Exercise description – The required result is an exact copy of the lines from the one containing "Vom Wohnbereich aus" to the last line of the records, both ends included, without pictures.

Extracted data entries:
........
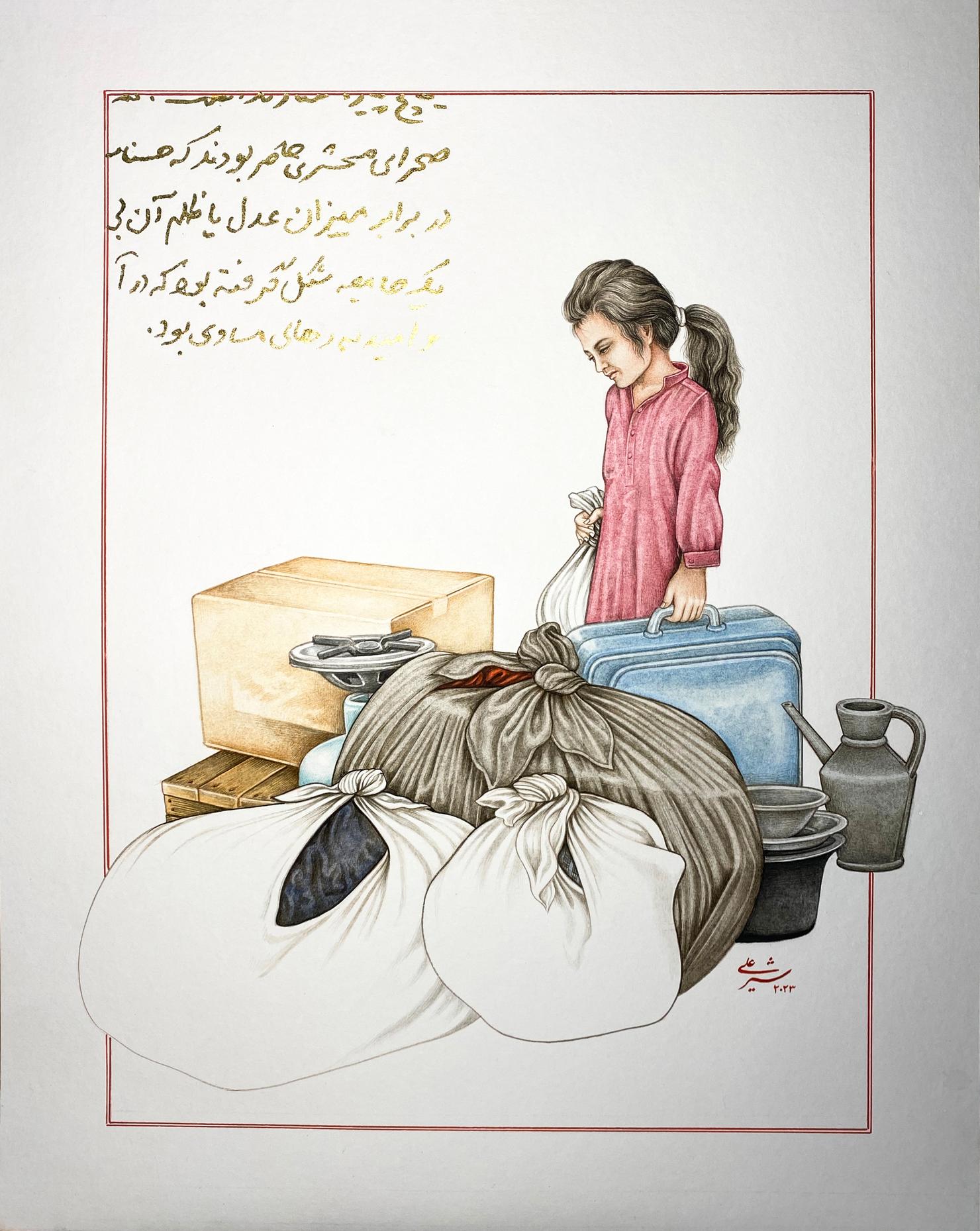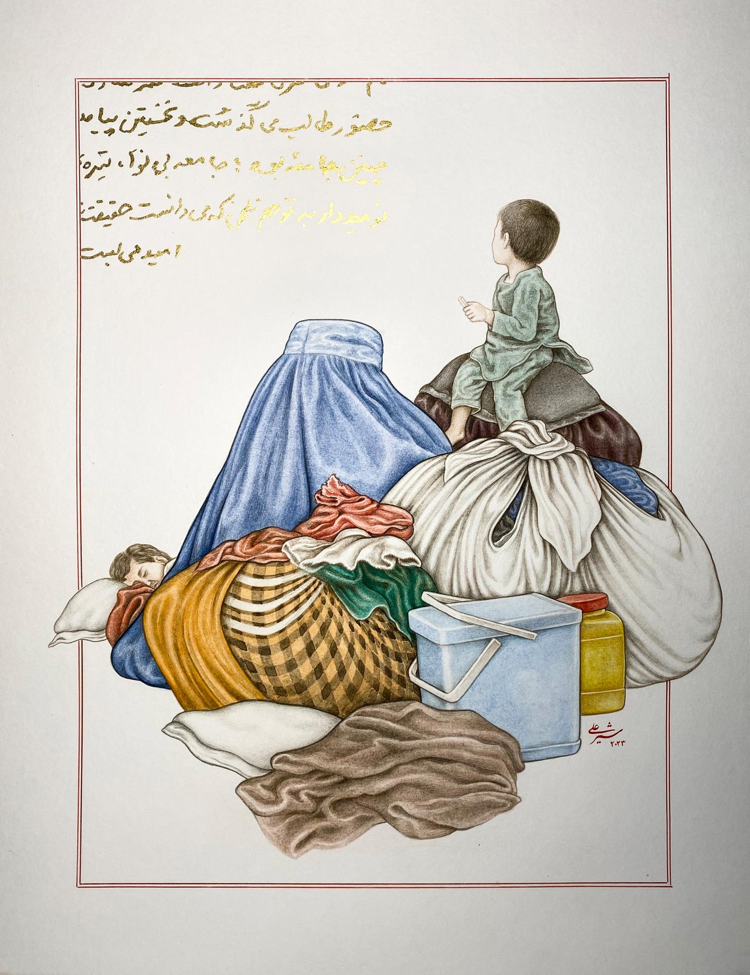 Both artists in exile (Khademi in France since 2015, Ali in Australia since 2021) paint with gouache on paper in the continuity of the Mughal tradition of miniature that they initially learned at the Art High School in Kabul. Through this media, they intend to share with the world their love for their country and for freedom.
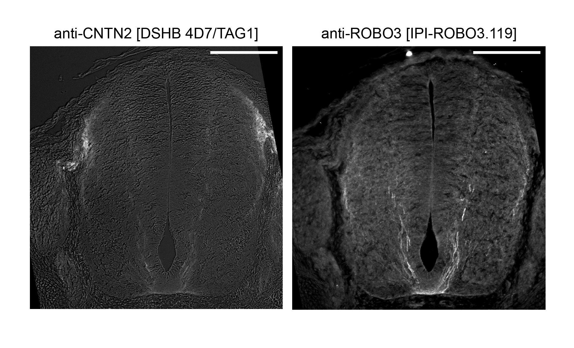 - Experimental results for Anti-ROBO3 [IPI-ROBO3.119] (Addgene #251720) in an immunohistochemistry (IHC) assay with a mouse embryonic spinal cord frozen tissue section.
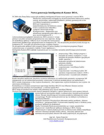Nowa generacja Inteligentnych Kamer BOA. W 2009 roku firma Dalsa rozpoczęła produkcję inteligentnych kamer nowej generacji o nazwie BOA. Możliwości zastosowania rozciągają się od pozycjonowania robota przez analizę usterek, powierzchni, znakowanie produktów, pomiary geometryczne aż do weryfikacji kompletności produktów. BOA jest wyposażona w : monochromatyczny lub kolorowy sensor CCD o rozdzielczości 640x480 o szybkości skanowania 60 fps. Konfigurowanie , diagnostyka oraz aktualizacja oprogramowania odbywa się przy użycia komputera PC z wykorzystaniem przeglądarki internetowej. BOA zawiera w swojej JAS 2009 pamięci wszystkie narzędzia programistyczne oraz zapewnia dostęp weryfikacja wymiarów do modyfikacji aplikacji. Odbywa się to wszystko bez konieczności instalowania dodatkowego oprogramowania na komputerze PC. Nie ma potrzeby przechowywania niczego na komputerze PC ,wszystko jest przechowywane w pamięci kamery. Do przygotowania aplikacji służy program iNspect Express (będący rozwinięciem programu iNspect wykorzystywany w systemach z rodziny Vision Appliances ). Inteligentna Kamera BOA zawsze wyposażona jest we wszystkie narzędzia umożliwiające przetwarzanie obrazu: • preprocesing ( filtry, funkcje progowe ) • narzędzia do analizy wymiarów ( w tym narzędzia do pomiaru obiektów specjalnych śrubki, sprężyny ) • doskonałe narzędzia do lokalizowania położenia obiektu • analizę powierzchni • rozpoznawanie i weryfikacje kodów paskowych • rozpoznawanie i weryfikację kodów 2D • operatory rozpoznawania znaków ( OCR ) • porównywanie i wyszukiwanie obiektów Każde narzędzie analityczne ,docelowo wystawia informacje czy analizowanie parametry są poprawne lub niepoprawne czy też można detal powtórnie wykorzystać w procesie produkcyjnym ( po poprawkach ). BOA została wyposażona w dwa wejścia dwustanowe , dwa separowane wyjścia dwustanowe oraz wyjście do sterowania oświetlaczem. Komunikacje ze światem zewnętrznym zapewniają interfejsy RS-232 oraz Ethernet. Kamera zawiera oprogramowane interfejsy do komunikacji z wieloma typami PLC. BOA mogą też przekazywać między sobą informacje przy użyciu interfejsu Ethernet . Ważnym elementem wyposażenia stanowi interpreter skryptów ( opisów tekstowych ) przy pomocy których można budować powiązania między wynikami pracy narzędzi przetwarzania obrazu. Skrypty umożliwiają też tworzenia przepływu informacji do świata zewnętrznego. Wyniki można prezentować np. na zdalnym wyświetlaczu z interfejsem Ethernet. Integrator Systemów Wizyjnych po dokonaniu analizy problemu , doborze oświetlaczy , oprogramowaniu i wytestowaniu inspekcji może w krótkim czasie przekazać aplikacje do eksploatacji. Służby Utrzymania Ruchu po przeszkoleniu są w stanie samodzielnie diagnozować i modyfikować aplikacje działającą w BOA. Szereg JAS 2009 wbudowanych w kamerę funkcji pozwala na dokonywanie zdalnej modyfikacji kompletność zakresów tolerancji narzędzi analizy obrazu , statystykę zdarzeń oraz oznakowanie automatyczne przesyłanie obrazów dla analiz poprawnych, nie popranych. mgr inż.. Janusz Kopczyk JAS Projektowanie Systemów Komputerowych www.dsplab.com.pl
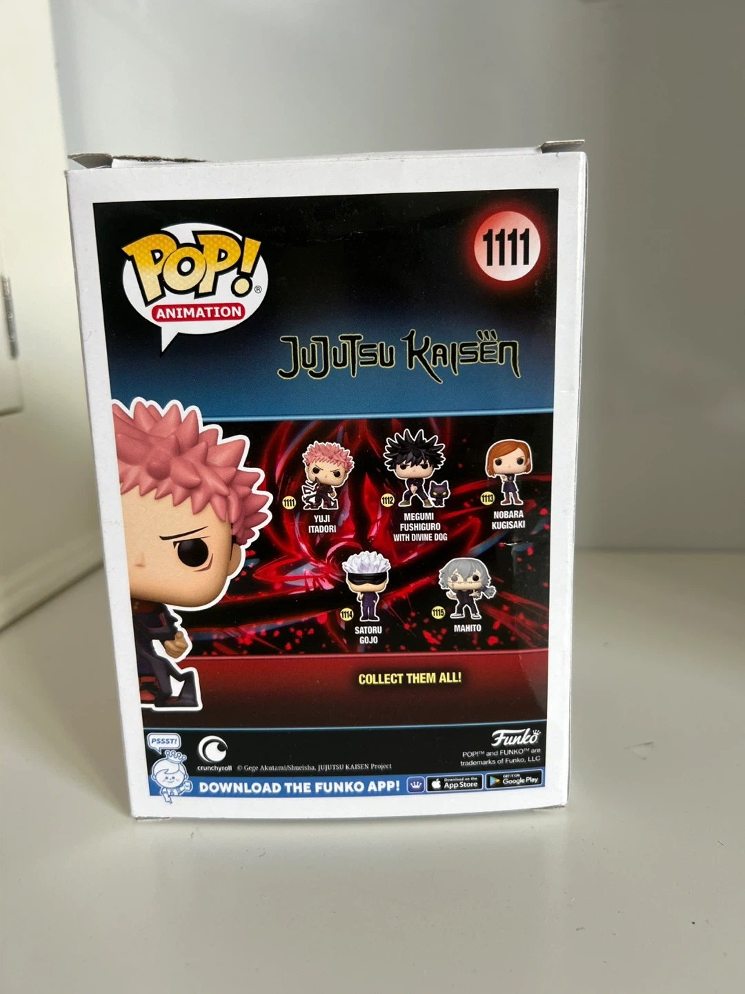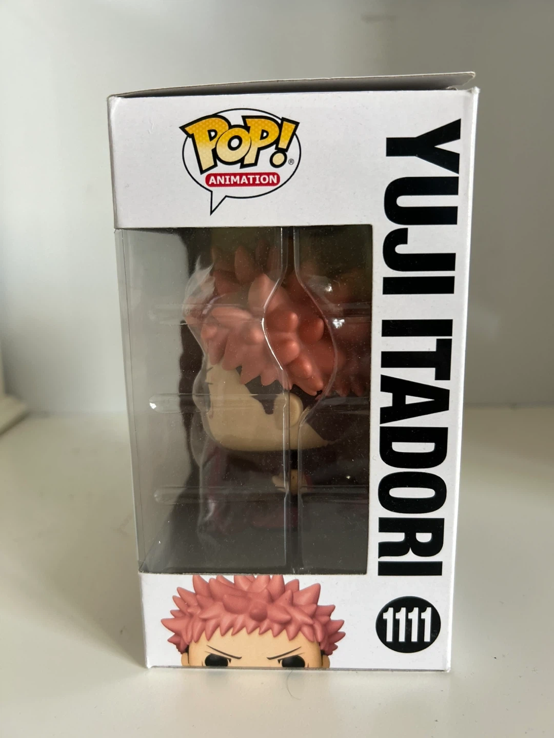 It's a Funko Pop! Animation vinyl figure of Yuji Itadori from Jujutsu Kaisen. This collectible is number 1111 in the series. It comes in its original box.
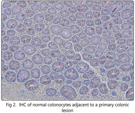 Obviously during resection of a primary colon lesion by colectomy, it is essential for the pathologist to guarantee that transformed colonocytes if identified, not be left behind in the margins of resection that are to be incorporated in the anastomosis. This now appears to be best achieved by employing IHC with those monoclonal antibodies targeting colon tumor antigen along with the standard H&E protocol. Normal appearing colonocytes at the margin of a colon cancer resection H&E of normal adjacent to colon ca case #1 NPC1-C 5ug/ml on case #1 which was read as benign.
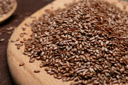 Healthy food diet. Closeup brown flax seeds linseed on wooden spoon
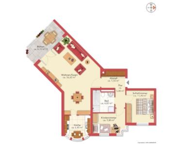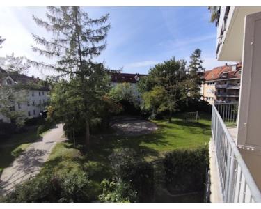 Vom Wohnbereich aus gelangen Sie direkt auf den großen Süd-West-Balkon. Die ruhige Innenhoflage macht den Balkon zu einer wahren Wohlfühloase mit Blick ins Grüne – perfekt zum Entspannen und Genießen.
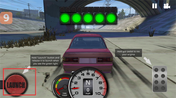 3、根據提示,按住【LAUNCH】按鈕,在綠燈亮起時釋放,實現賽車的快速啟動,爭取比賽優勢。
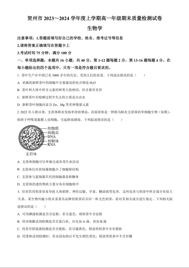 广西壮族自治区贺州市2023-2024学年高一上学期期末考试生物(原卷版)
........
Answer to this exercise –
 Vom Wohnbereich aus gelangen Sie direkt auf den großen Süd-West-Balkon. Die ruhige Innenhoflage macht den Balkon zu einer wahren Wohlfühloase mit Blick ins Grüne – perfekt zum Entspannen und Genießen.
 3、根據提示,按住【LAUNCH】按鈕,在綠燈亮起時釋放,實現賽車的快速啟動,爭取比賽優勢。
 广西壮族自治区贺州市2023-2024学年高一上学期期末考试生物(原卷版)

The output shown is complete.